Supreme Court Overturns Roe v. Wade, Thousands Gather at State Capitol to Protest


Xiangyao Tang

Demonstrators at the protest of the overturning of Roe v. Wade at the Utah State Capitol on Friday, June 24, 2022. (Photo by Xiangyao “Axe” Tang | The Daily Utah Chronicle)

By Abhilasha Khatri, Investigative Editor


The Supreme Court voted on Friday to overturn Roe v. Wade, the landmark decision made in 1973 to protect the right to an abortion. The decision comes over a month after a draft of the majority opinion was leaked. 

The draft said the provision used to defend the decision, the right to privacy implied by the due process clause of the 14th Amendment, can only guarantee rights not mentioned in the constitution if they are “deeply rooted in the Nation’s history and tradition.” Justice Samuel Alito argued that abortion did not fit this requirement. 

The 14th Amendment has been used to decide other landmark cases, including Loving v. Virginia which legalized interracial marriage, Obergefell v. Hodges which legalized same-sex marriage and Griswold v. Connecticut which gave married couples the right to buy and use contraception

Justice Clarence Thomas expressed in a solo concurring opinion that the court should “reconsider” the Griswold, Obergefell and Lawrence v. Texas (protects same-sex relationships) cases. 
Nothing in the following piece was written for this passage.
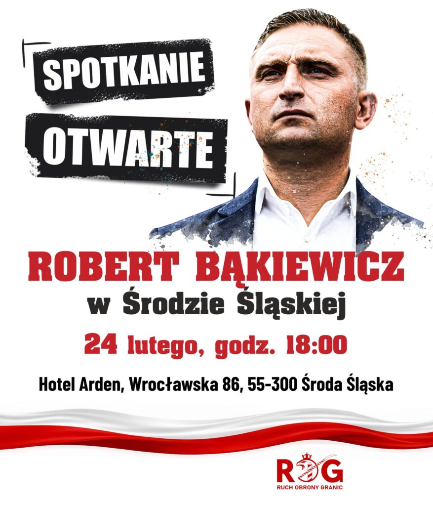 Dziś (we wtorek 24 lutego) w Środzie Śląskiej o godzinie 18.00 w Hotelu Arden, ulice Wrocławska 86, będzie miało miejsce spotkanie z: liderem Ruchu Obrony Granic Robertem Bąkiewiczem, aktywistą ROG i Klubów Gazety Polskiej Adamem Borowskim, ekspertem ROG konstytucjonalistą Oskarem Kidą i komentatorem telewizji Republika aktywistą ROG Jackiem Wroną.

With no more federal protection, the question of abortion rights has been left up to states to decide individually. Utah is one of 13 states with trigger laws in place, written to take effect in the case that Roe v. Wade is overturned. 

Utah’s trigger law, S.B. 174, was passed in the 2020 legislative session. It bans abortions except in the cases of rape, incest, or necessity due to serious health risk to the mother or severe birth abnormalities in the child. In the case of rape or incest, the incident must be reported to law enforcement. Birth abnormalities must be agreed upon in writing by two physicians. 

The law officially went into effect just after 6 p.m. on Friday after being certified by the legislature’s general counsel. It makes performing an abortion a second degree felony, punishable by up to 15 years in prison. Doctors and clinics found to be in violation of the law could lose their licenses. 

With S.B. 174 in place, Utahns wanting to acquire an abortion for reasons outside of these circumstances will have to travel to a clinic in the nearest abortion-friendly state, Colorado. 

According to a recent survey, the majority of Americans support maintaining Roe v. Wade and keeping abortion legal. 

Planned Parenthood Utah said they would continue to provide abortion services until the law came into effect, after which the organization would have to stop performing abortions and refer those seeking it to facilities in other states.

Thousands Gather at Utah State Capitol to Protest the Ruling

The Supreme Court’s decision has been met with anger and celebration across the country. In Utah, thousands of people gathered at the state capitol to protest the decision. 

The rally was organized by Planned Parenthood. Another group of protestors, organized by the Utah Coalition of Leftists, met at Washington Square Park and marched up to the capitol building to join the rally. 

The crowd packed in tight, filled the steps of the Capitol and stretched back into the grass. Signs stuck out from the crowd, reading various messages including “abortion is healthcare” and “bans off our bodies.” 

Various community members delivered speeches at the event, including a church minister, representatives from local organizations like Comunidades Unidas and women with personal experiences with abortion. 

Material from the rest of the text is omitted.